Один из мальчишек помчался со всех ног домой, ребята не расходились...
Паренек дозвонился. Белый катафалк приехал через сорок минут...
Мужчина умер в машине.
Всегда кто-то кого-то видит незадолго до смерти...
Неврология
Проснулась и испугалась:
моя голова взорвалась!
Как лампочка...
Мамочка!
Папочка!
Моя голова взорвалась,
как лампочка!!!
1Дормидонтовна – штукатур. Она единственный нормальный пациент на неврологии, остальные маленечко того...
Лечит Дормидонтовна спинномозговую грыжу – подняла на работе козел тяжелый (а разве козлы по жизни бывают легкими?) и надорвалась.
Любит рассказывать о своей работе.
– Помню, на Смоленском кладбище работала, красили часовню Ксении Блаженной, она студентикам здорово помогает, надо вокруг часовни три раза обойти, поставить свечу и записку положить – получишь на экзамене пятерку.
Настольная книга Дормидонтовны – «Петр I». Как и великий царь, она строила, точнее, ремонтировала Петербург. Екатерининский дворец, вокзал в Петергофе, церкви и фасады домов. Сколько ее руки отшкрябали старой штукатурки и освежили городских стен – не упомнить.
Сейчас ей шестьдесят, а все работает.
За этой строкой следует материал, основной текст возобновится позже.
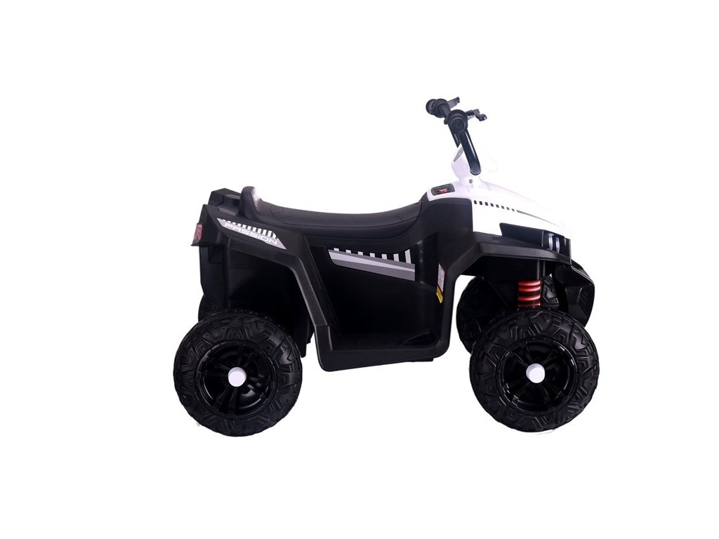 Otroški štirikolesnik na akumulator S601 prinaša veliko zabave, ne le malim otrokom, ampak tudi staršem. Električni štirikolesnik z dodatki v črni barvi je napajan z baterijo 6V 4,5Ah in 2 zmogljivima električnima motorjema 35W. Zahvaljujoč ergonomski zasnovi se bo otrok počutil, kot da je v pravem vozilu.

На вид крепкая, жилистая, и все-таки возраст...
– Не женское это дело – корыто с цементом таскать. Конечно, девчонки друг другу помогают. Но тут так получилось, что я далеко от всех мазала, козел тяжелый, мокрый после дождя – двигать по полиэтилену никак не получается, надо приподнять. Вот я его с одним мальчиком вдоль фасада восемь раз передвинула, а девятый сама... И что-то вдруг больно дернуло в спине. Потом ноги стали плохо двигаться. После обследования выяснилось: спинномозговая грыжа вылезла – маленькая, но болючая.
Перед тем как лечь в больницу, Дормидонтовна покрестилась.
– Я решила: хуже не будет, а Бог – в помощь. В нашей церкви мне бумагу выдали, где написано, что я такая-такая – крещеная в православную веру. Зять надо мной смеется – вы теперь, мама, говорит, дипломированная христианка.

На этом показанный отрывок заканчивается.